The response should contain only the line with "With soft light, warm" and every line after it to the end of the listing below, duplicated exactly; no picture belongs in it.

-------- Information provided --------

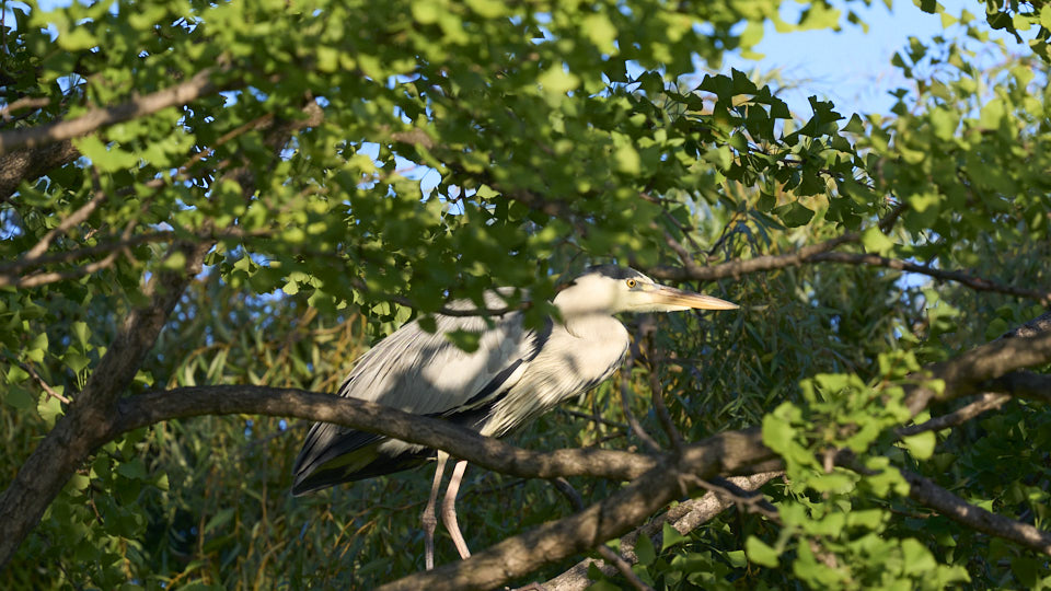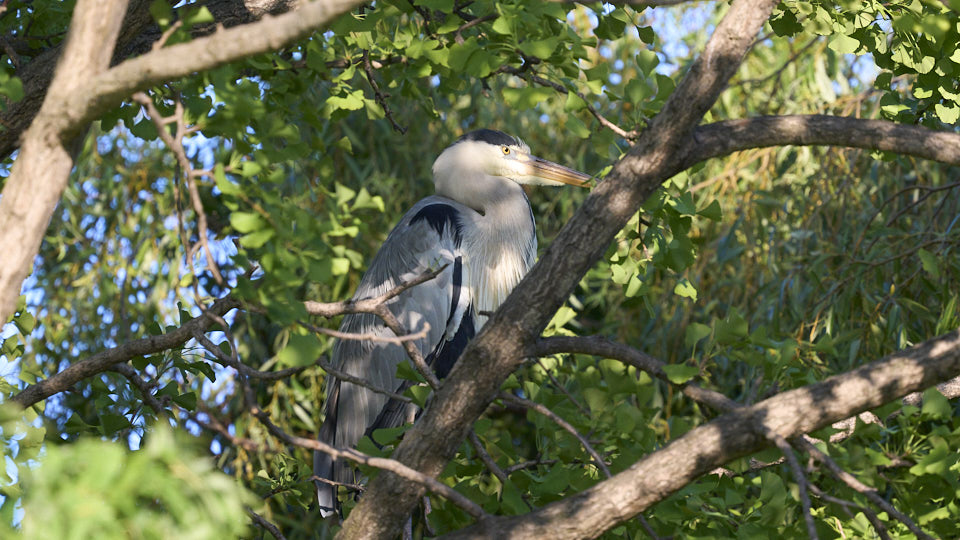 アオサギは、菖蒲池の島の木の枝に止まっていました。
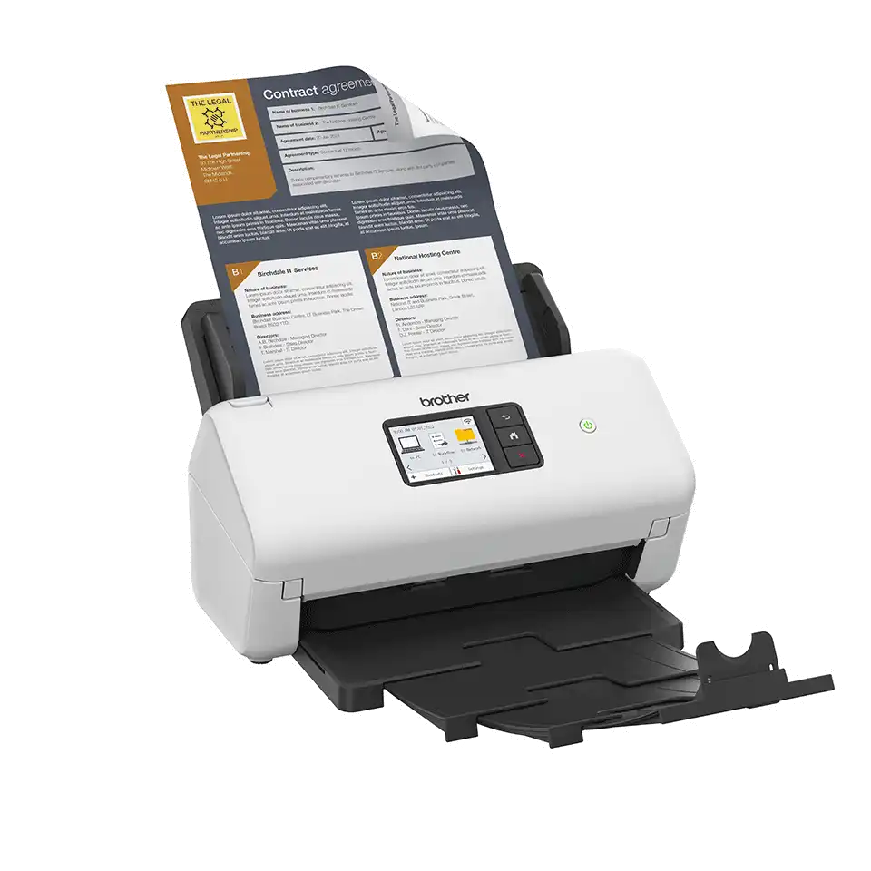 Schnell und zuverlässig Der ADS-4500W mit hochwertigen und robusten Rollenmechanismen verfügt über einen automatischen Dokumenteneinzug mit einer großen Kapazität von 60 Blatt und kann bis zu 35 Seiten pro Minute scannen.
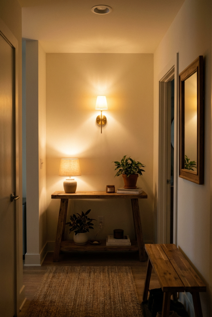 With soft light, warm textures, and thoughtful layout, even the smallest space can greet you with comfort. It becomes more than just a pass-through area.
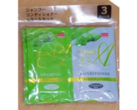 旅行用のシャンプーとコンディショナーのセットです。旅行用の利点は“液漏れ”しないこと。キャンプ場のシャワーやバスタイムに最適です。

--------

Your response ->
 With soft light, warm textures, and thoughtful layout, even the smallest space can greet you with comfort. It becomes more than just a pass-through area.
 旅行用のシャンプーとコンディショナーのセットです。旅行用の利点は“液漏れ”しないこと。キャンプ場のシャワーやバスタイムに最適です。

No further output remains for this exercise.